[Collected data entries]
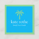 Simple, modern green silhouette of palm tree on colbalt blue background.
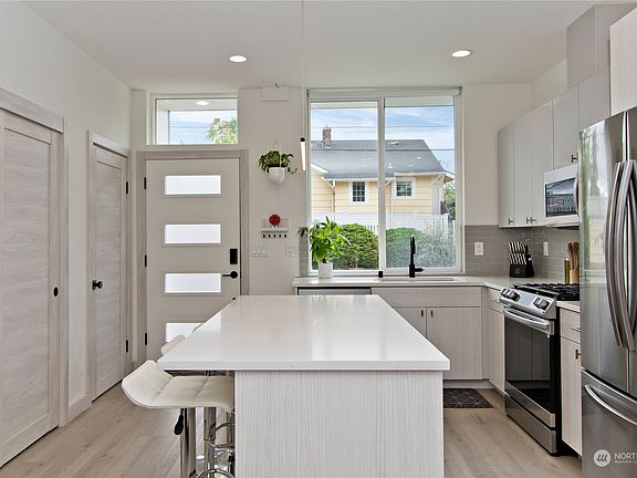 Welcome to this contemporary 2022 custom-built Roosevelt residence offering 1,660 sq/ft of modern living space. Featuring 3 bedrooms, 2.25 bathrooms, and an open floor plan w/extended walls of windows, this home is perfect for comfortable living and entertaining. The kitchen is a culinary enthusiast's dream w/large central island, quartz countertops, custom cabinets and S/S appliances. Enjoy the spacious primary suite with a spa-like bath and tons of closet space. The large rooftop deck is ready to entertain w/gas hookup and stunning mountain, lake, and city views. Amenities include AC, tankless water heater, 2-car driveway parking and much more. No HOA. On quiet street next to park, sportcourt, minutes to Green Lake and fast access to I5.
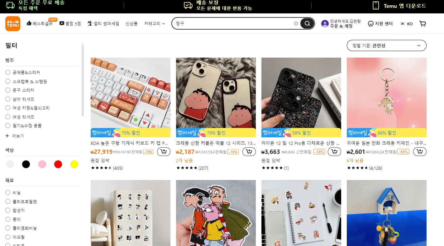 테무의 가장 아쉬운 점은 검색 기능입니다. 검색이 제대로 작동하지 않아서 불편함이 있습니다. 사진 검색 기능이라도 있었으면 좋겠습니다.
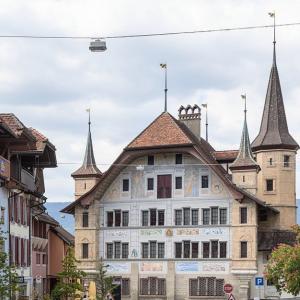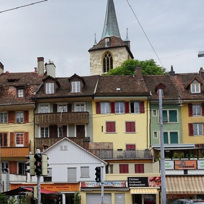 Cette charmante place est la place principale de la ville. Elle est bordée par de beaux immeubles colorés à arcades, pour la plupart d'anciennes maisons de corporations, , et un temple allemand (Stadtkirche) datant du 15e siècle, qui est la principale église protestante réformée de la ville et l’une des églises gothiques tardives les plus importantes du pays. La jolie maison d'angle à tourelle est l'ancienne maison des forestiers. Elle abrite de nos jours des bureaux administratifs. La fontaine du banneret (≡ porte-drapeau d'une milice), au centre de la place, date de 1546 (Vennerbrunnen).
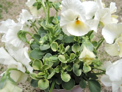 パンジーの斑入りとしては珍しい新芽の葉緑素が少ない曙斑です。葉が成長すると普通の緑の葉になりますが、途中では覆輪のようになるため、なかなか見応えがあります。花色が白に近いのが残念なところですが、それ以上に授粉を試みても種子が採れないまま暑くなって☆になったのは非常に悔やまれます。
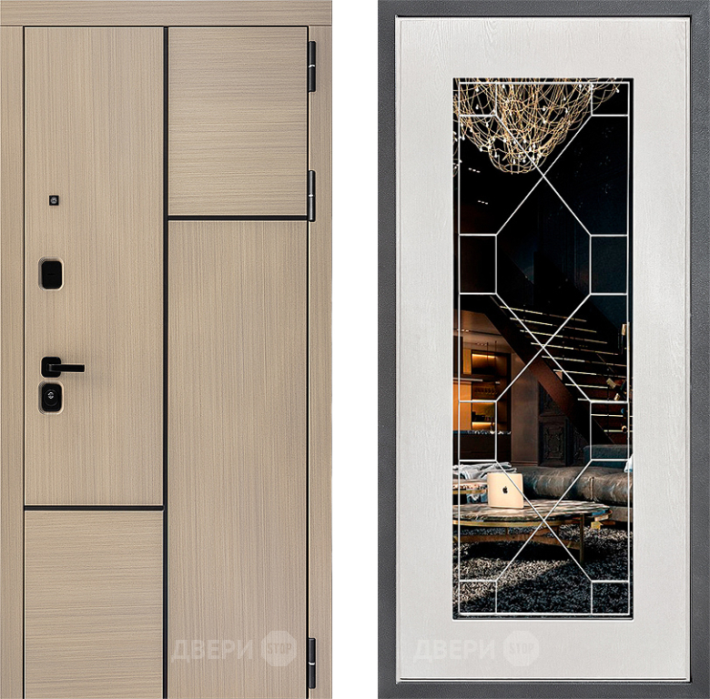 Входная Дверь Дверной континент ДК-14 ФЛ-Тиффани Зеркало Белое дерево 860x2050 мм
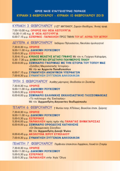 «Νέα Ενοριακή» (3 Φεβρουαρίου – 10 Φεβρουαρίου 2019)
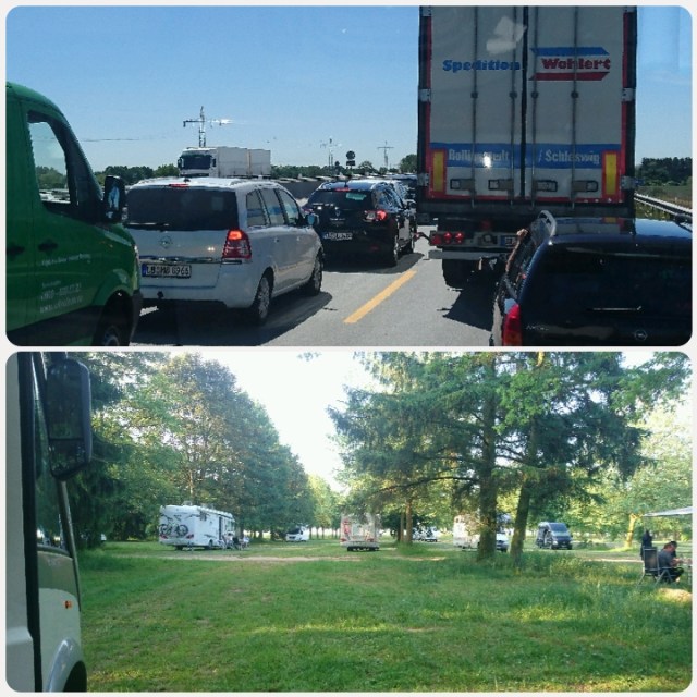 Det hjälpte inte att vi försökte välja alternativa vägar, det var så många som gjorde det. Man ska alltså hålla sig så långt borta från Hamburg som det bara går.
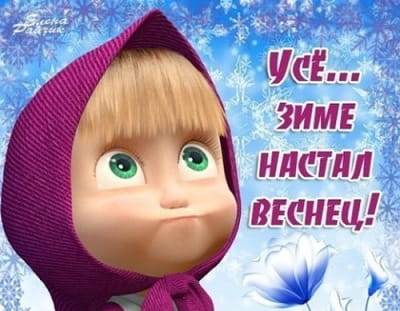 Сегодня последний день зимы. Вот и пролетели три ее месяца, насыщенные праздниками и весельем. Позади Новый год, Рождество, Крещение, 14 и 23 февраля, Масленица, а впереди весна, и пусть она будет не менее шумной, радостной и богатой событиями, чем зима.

### [EXERCISE DETAILS]
Drop the pictures; return the lines above from the line containing "10 Φεβρουαρίου 2019)" to the line containing "Det hjälpte inte", both included, exactly.

### [ANSWER BELOW]
 «Νέα Ενοριακή» (3 Φεβρουαρίου – 10 Φεβρουαρίου 2019)
 Det hjälpte inte att vi försökte välja alternativa vägar, det var så många som gjorde det. Man ska alltså hålla sig så långt borta från Hamburg som det bara går.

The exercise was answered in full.